Training and Evaluating a Jupyter Notebook Data Science Assistant

Shubham Chandel, Colin B. Clement, Guillermo Serrato, Neel Sundaresan

Datasets

We train our models on all Jupyter notebooks from all the public GitHub repositories with Jupyter Notebooks as the primary language label as of April 2021, excluding repositories from which our Data Science Problems evaluation were curated. We first discuss the filtering pipeline which yielded 1119 high-quality data science questions with validating unit tests which compose DSP.

HumanEval are 164 hand-written programming problems, with accompanying test cases.
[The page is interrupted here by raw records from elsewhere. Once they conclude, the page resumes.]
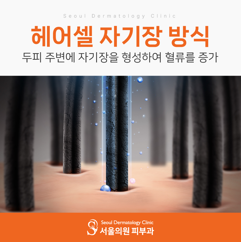 헤어셀 자기장 방식은 두피 주변에 자기장을 형성하여 혈류를 증가시키고, 모낭 세포의 활성화를 유도하여 모발의 성장을 돕는 방식을 의미합니다.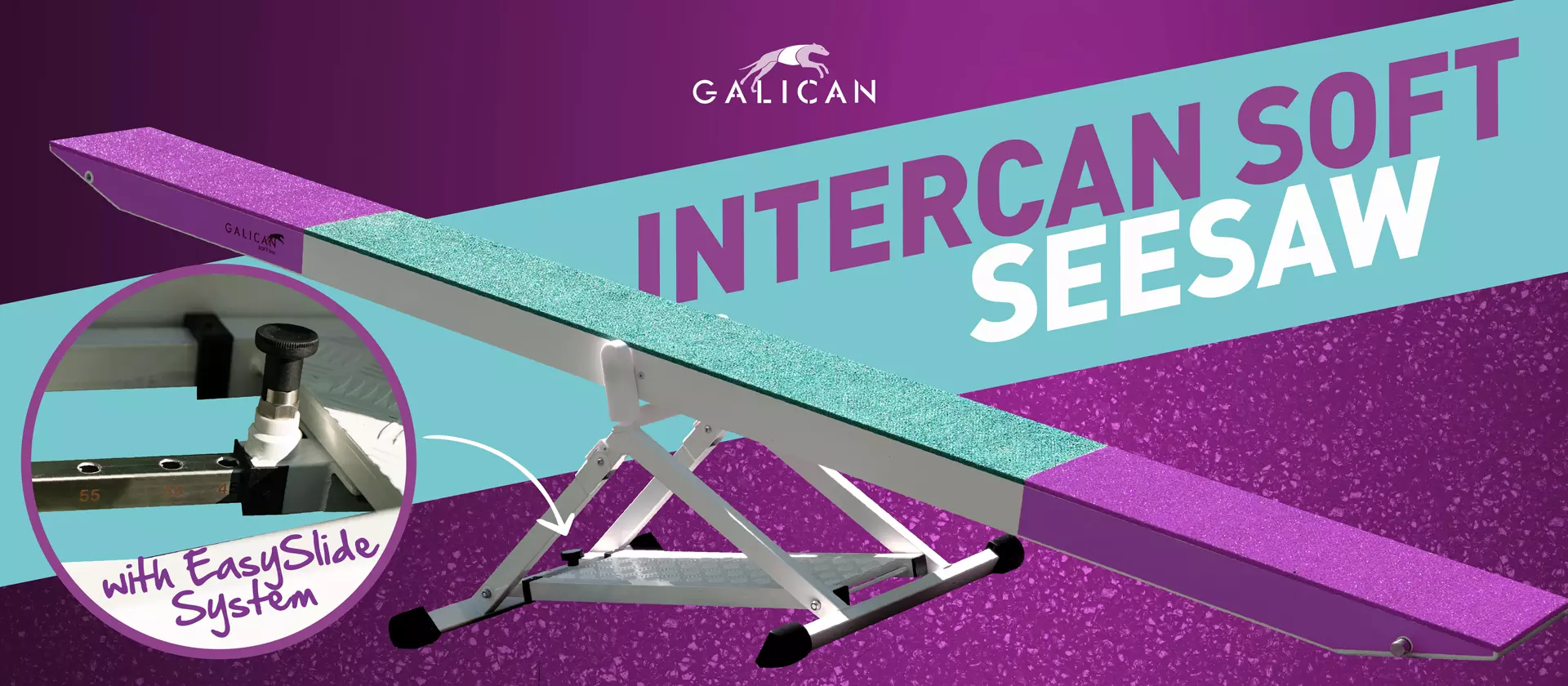 The Intercan Regular seesaw shares the same stable base as the Soft model. Here, we use only the popular Galican rubber surface, providing optimal grip for safe, reliable use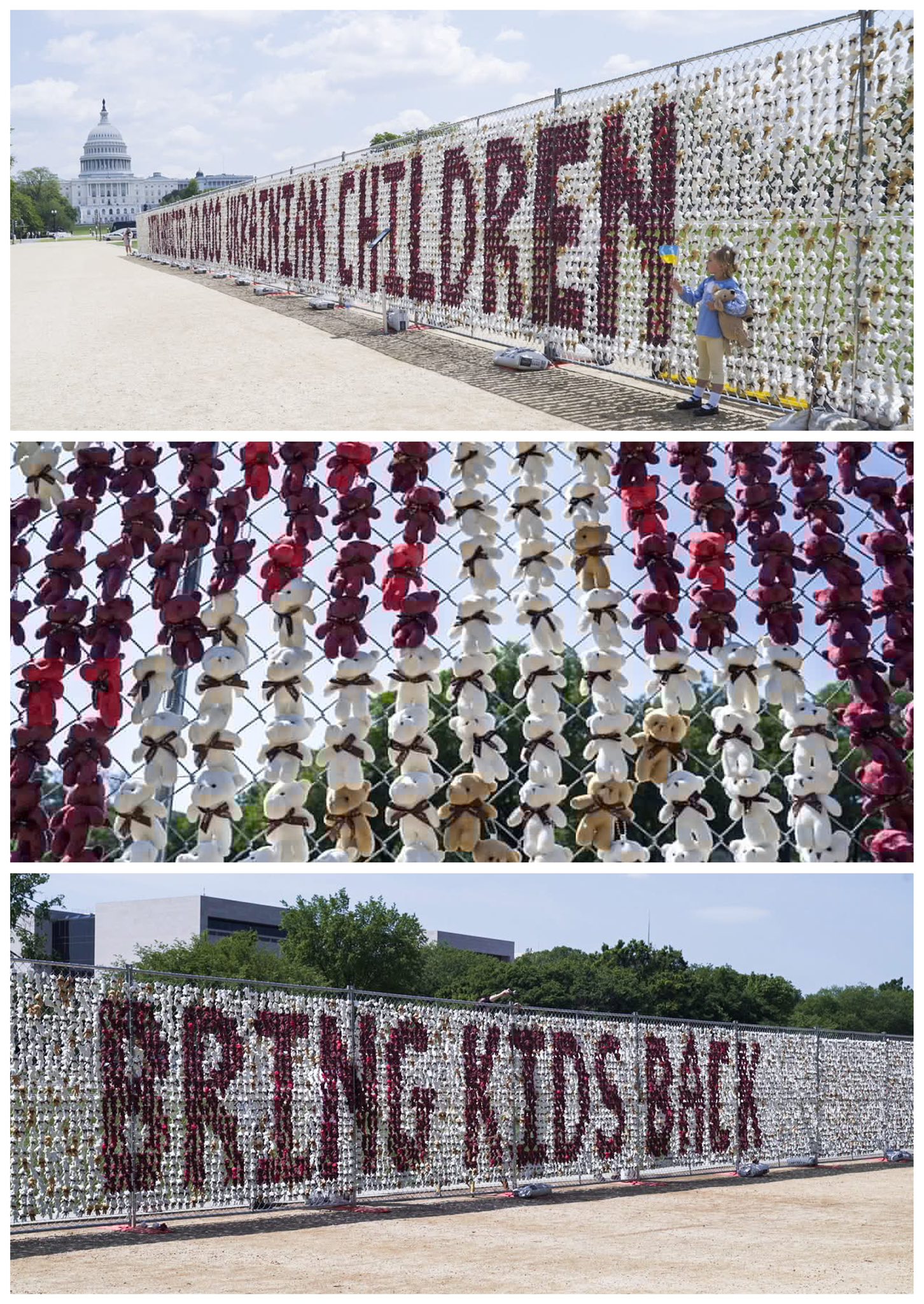 У центрі Вашингтона виставили 20 000 плюшевих ведмедиків. Така інсталяція є нагадуванням про викрадених Росією українських дітей.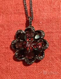 Set composto da collana e orecchini di Emanuel Ungaro by Avon. In metallo nero e pietre nere e viola. Nuovo nelle loro scatole originali. Nella mia vetrina vengono venduti anche separatamente.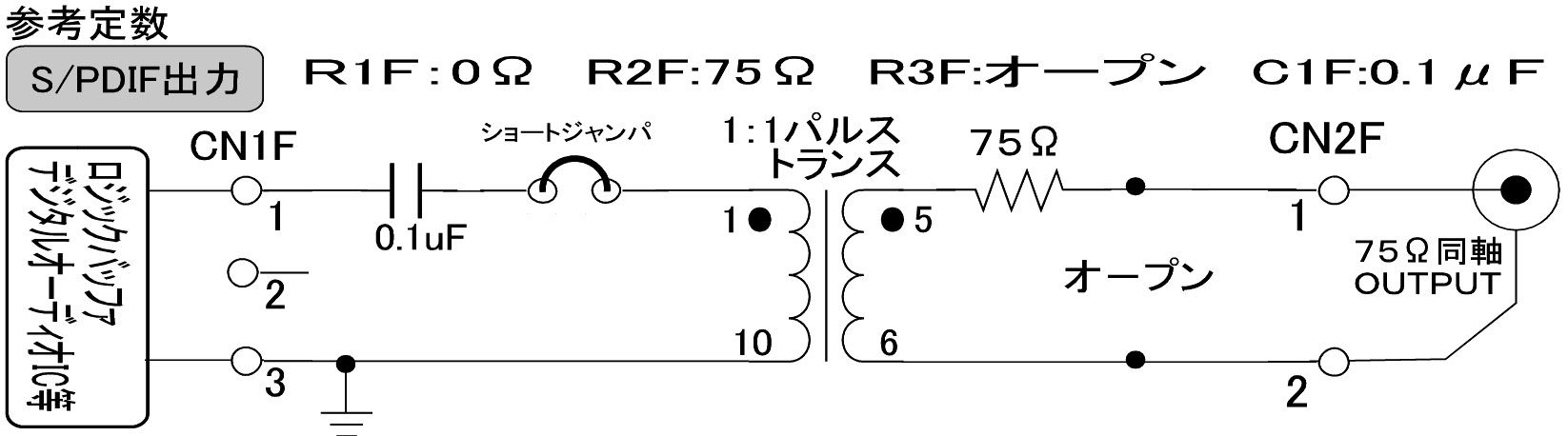 デジタルオーディオシリアル信号をデジタルオーディオ信号(S/PDIF)へ変換して同軸用パルストランスを通じて同軸出力します。DAIトランスミッタ部にはT.I.社のDIT4192を実装したDIT4192_E基板と同軸パルス用PT_F基板を使用します。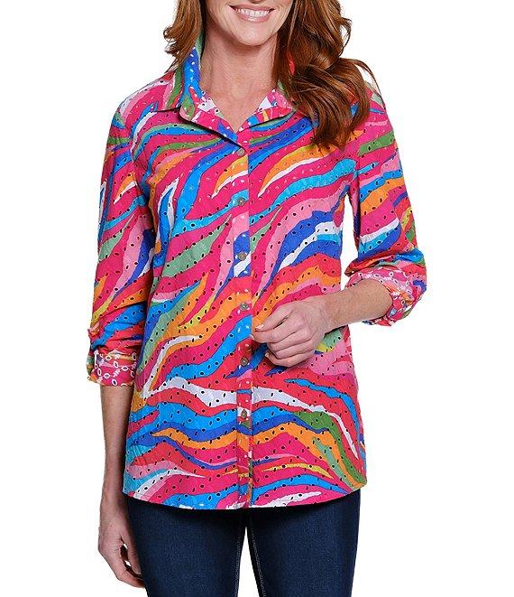 From John Mark , this blouse features:Woven fabricationPoint collarLong roll-tab sleevesWatercolor printLoose fitAllover eyelet embroideryShirttail hem with side ventsButton-front closureApprox. 29" front; 29.5" back lengthSelf: cotton, embroidery: cottonMachine wash/tumble dry lowImported.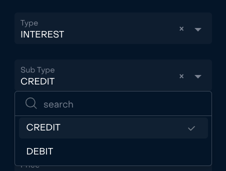 Transaction “Interest” with subtypes “Debit” or “Credit”.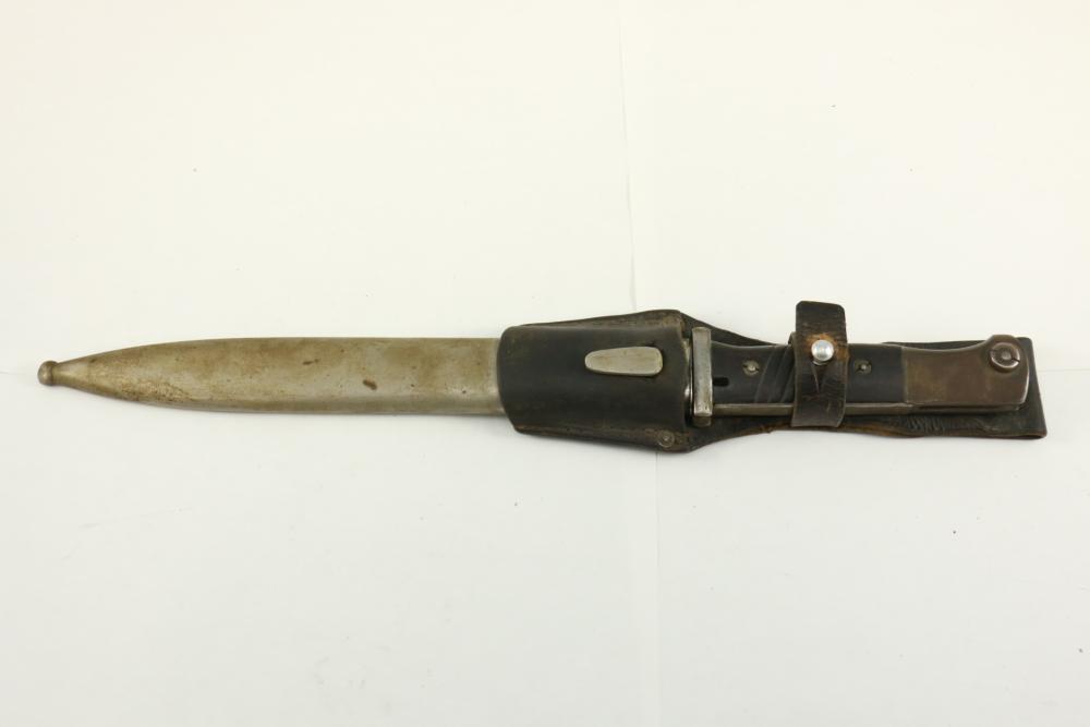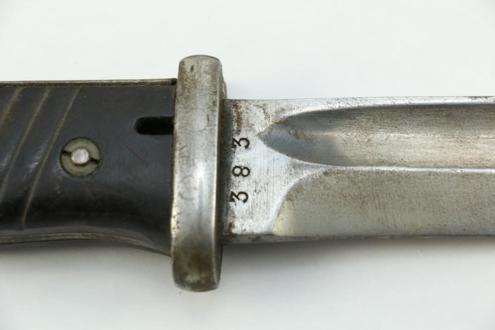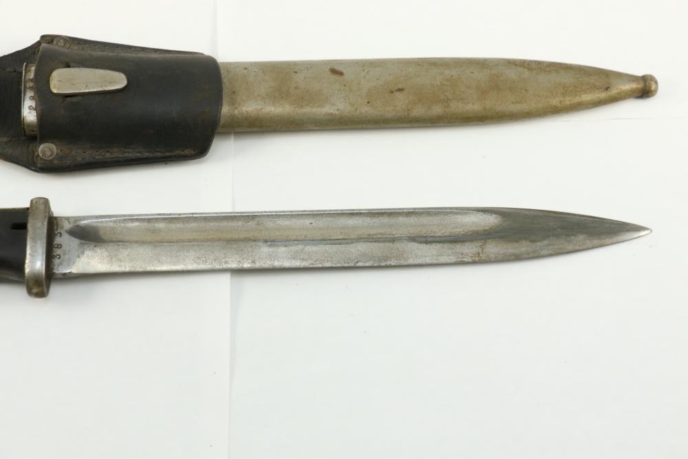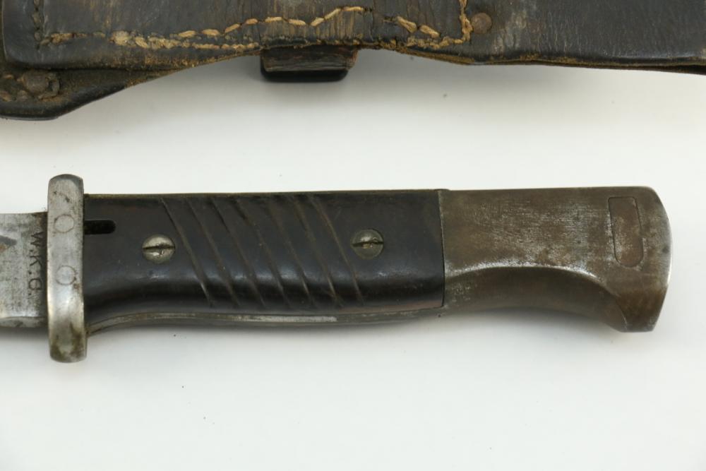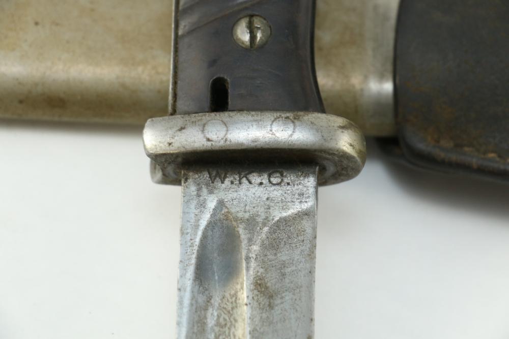 Believed to be W.K.C. K98 bayonet with single fuller on both sides, blade marked "W.K.C." with serial number "383" on reverse, scabbard serial number "2803" and reverse marked "43ASW",length of bayonet without scabbard 15".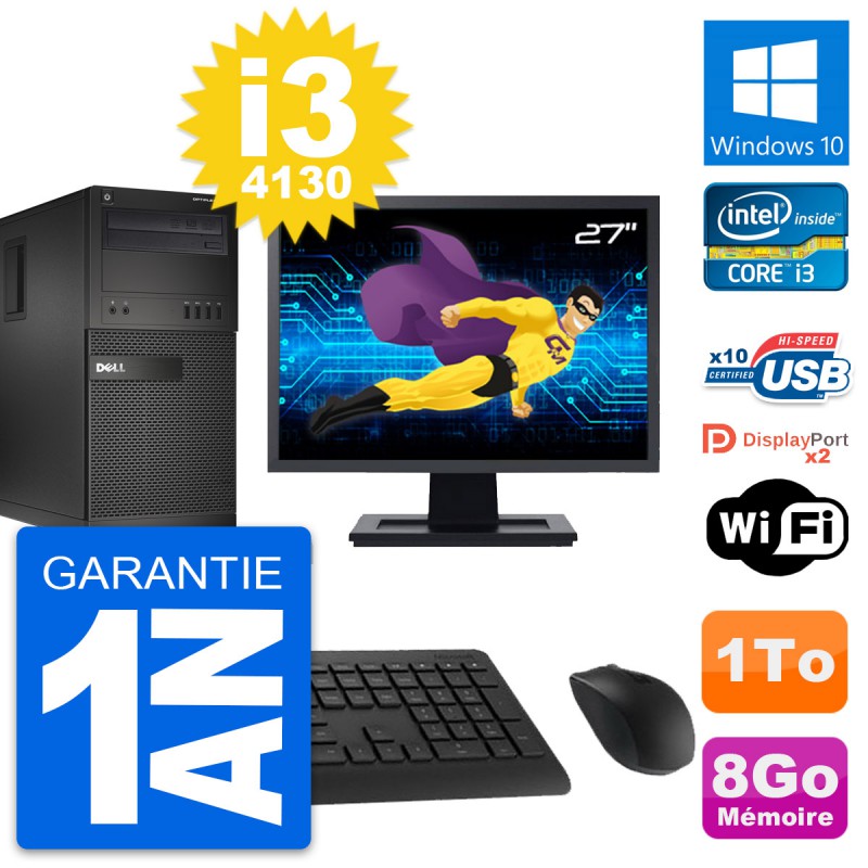 PC Tour Dell OptiPlex XE2 MT - Intel Core i3-4130 3.4 Ghz (3 Mo) - 8 Go DDR3 - Disque Dur 3,5" 1 To - Graveur DVD - Clef Wifi USB - Windows 10 - Livré avec Ecran 27" + clavier + souris (Marques et modèles variables) - Garantie 1 an.

These involve one-to-one natural language to code pairs, testing reasoning, algorithms, and simple mathematics. The Mostly Basic Programming Problems is a dataset of 974 short Python programs constructed by crowd-sourcing to an internal pool of workers who have basic knowledge of Python. These are single self-contained Python function solving the problem specified. Data Science Problems are 1119 problems from 306 notebooks with an average of 3.6 problems per notebook, and all are executable with data dependencies in a default Anaconda environment. These notebooks are curated from GitHub repositories uploaded by students, which we detect by their usage of the nbgrader notebook grading tool.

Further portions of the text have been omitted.